2024-09-21, 13:15–15:15 (Europe/Belgrade), Pupin
The application of Natural Language Processing (NLP) has become increasingly vital for cybersecurity threat intelligence and response strategies today. NLP plays a crucial role by enabling more accurate and nuanced analyses of potential threats through advanced linguistic techniques. Among other applications, NLP allows quicker categorization of threats based on their nature – such as phishing schemes or anomalous behaviors – and enables prioritizing responses accordingly. NLP can also facilitate the development of content prediction schemes for analysts or provide powerful information extraction tools. We will cover two text-mining techniques that we believe are a good starting point with NLP for analysts and incident responders: sentiment analysis and Named Entity Recognition (NER). While sentiment analysis reveals underlying emotions or biases in social media content potentially linked to malicious activities, NER identifies critical information such as IP addresses, domains, and user details essential for correlating incidents across different data sources.

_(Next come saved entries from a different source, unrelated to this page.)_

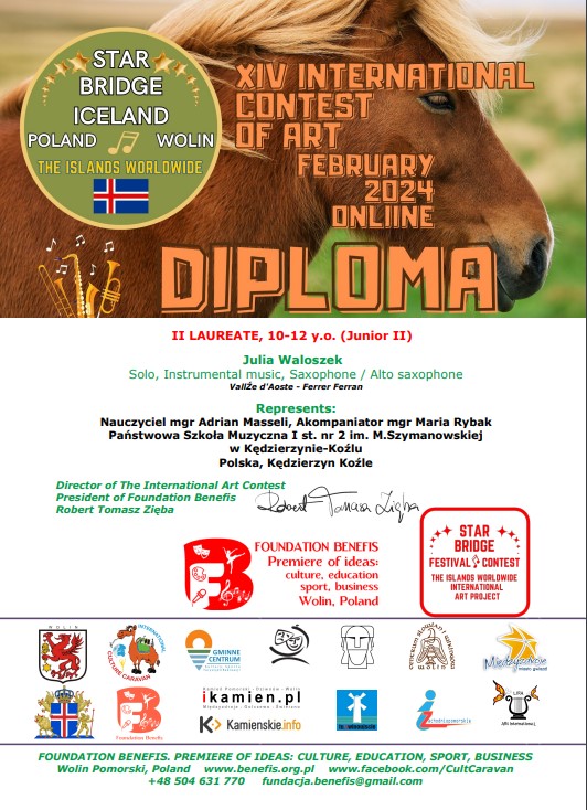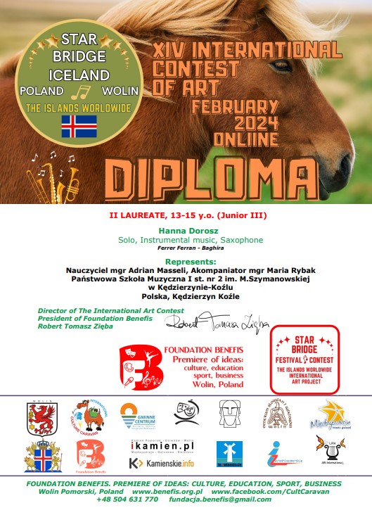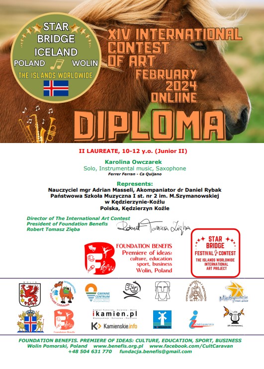 - II miejsce w "XIV International Contest of Art "Star Bridge of the Islands Worldwide Wolin- Islandia 2024” w kategorii - Junior II (10-12 lat)
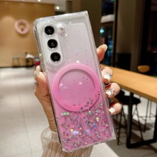 Klar Glitzer MagSafe SchutzHülle Magnet Stand Case Handy Tasche Harte Rückseite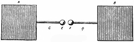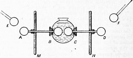 A series of experiments showing the complete analogy between electric and light waves is described by Righi in his book L’Ottica delle oscillazioni elettriche. Righi’s exciter, which is especially convenient when large statical electric machines are used instead of induction coils, is shown in fig. 6. E and F are balls connected with the terminals of the machine, and AB and CD are conductors insulated from each other, the ends B, C, between which the sparks pass, being immersed in vaseline oil. The period of the vibrations given out by the system is adjusted by means of metal plates M and N attached to AB and CD. When the waves are produced by induction coils or by electrical machines the intervals between the emission of different sets of waves occupy by far the largest part of the time. Simon (Wied. Ann., 1898, 64, p. 293; Phys. Zeit., 1901, 2, p. 253), Duddell (Electrician, 1900, 46, p. 269) and Poulsen (Electrotech. Zeits., 1906, 27, p. 1070) reduced these intervals very considerably by using the electric arc to excite the waves, and in this way produced electrical waves possessing great energy. In these methods the terminals between which the arc is passing are connected through coils with self-induction L to the plates of a condenser of capacity C. The arc is not steady, but is continually varying. This is especially the case when it passes through hydrogen. These variations excite vibrations with a period 2π√(LC) in the circuit containing the capacity of the self-induction. By this method Duddell produced waves with a frequency of 40,000. Poulsen, who cooled the terminals of the arc, produced waves with a frequency of 1,000,000, while Stechodro (Ann. der Phys. 27, p. 225) claims to have produced waves with three hundred times this frequency, i.e. having a wave length of about a metre. When the self-induction and capacity are large so that the frequency comes within the limits of the frequency of audible notes, the system gives out a musical note, and the arrangement is often referred to as the singing arc.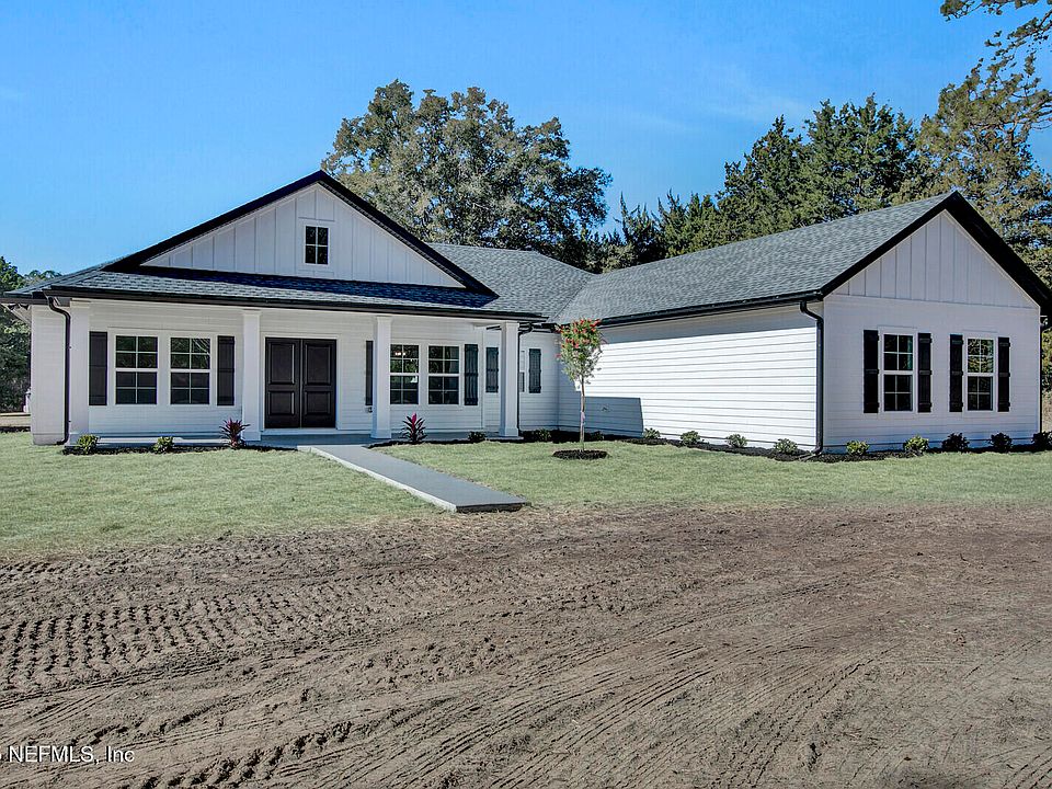Do you want that country feel, yet still close to all your favorite stores and restaurants? Then look no further! Come check out this stunning new construction home built by Eco One Inc. Situated on a generous one-acre lot, this 4-bedroom, 2-bathroom residence is one you do not want to miss. Step inside to be greeted by sleek tile flooring throughout and plush carpeting in the bedrooms. The kitchen is a chef's paradise, boasting with quartz countertops, a large island and a walk-in pantry with butcher block countertops. Entertain guests in the spacious living area, complete with an electric fireplace and vaulted ceilings adorned with elegant wood beams. Retreat to the primary suite, featuring a walk-in closet and a spa-like on-suite bathroom with custom finishes. With no HOA and CDD this home offers the perfect balance of privacy and convivence.

The workshop is fully hands-on, with a maximum of exercises and tests. You will be provided with a full development environment that contains everything necessary for the workshop, including all deep learning and NLP tools. You will build step-by-step two NLP pipelines to practice these techniques with real data. After the workshop, you can expect to have a good understanding of NLP foundational tasks and be ready to apply your new skills on your own data. Prerequisites: Familiarity with Python programming is expected.
Program:
- What is natural language processing and what are classification tasks.
Hands-on:
- Load and explore your data
- Text preprocessing
- Load a model in the code environment
- Step-by-step building a classifier with a pre-trained model
- Run classification task: sentiment analysis
- Apply the same pipeline with NER.
- Interpret and discuss the NER results
- Discussion: How to apply NLP to cybersecurity problems. The place and role of natural language processing within multi-modal models. Limits of language models today.
Prerequisites: familiarity with Python programming is expected.
Pauline is the founder of Cubessa. Human is at the center of her work. Her focus gravitates towards offensive cybersecurity, artificial intelligence, programming culture, cognition as well as the human element of cybersecurity. She has a diverse background with experience in various fields including linguistics, criminology, cybersecurity, computer engineering, and education. By blending together approaches from humanities and deep technical insight, she provides a unique lens on cyber threats and their evolution. Previously working as a Threat Analyst for the past few years, she provides these days AI developments and trainings, aiming to bridge the gap between human understanding and technology. She is also a French vice-champion para-climber and the founder of the DEFCON group Paris.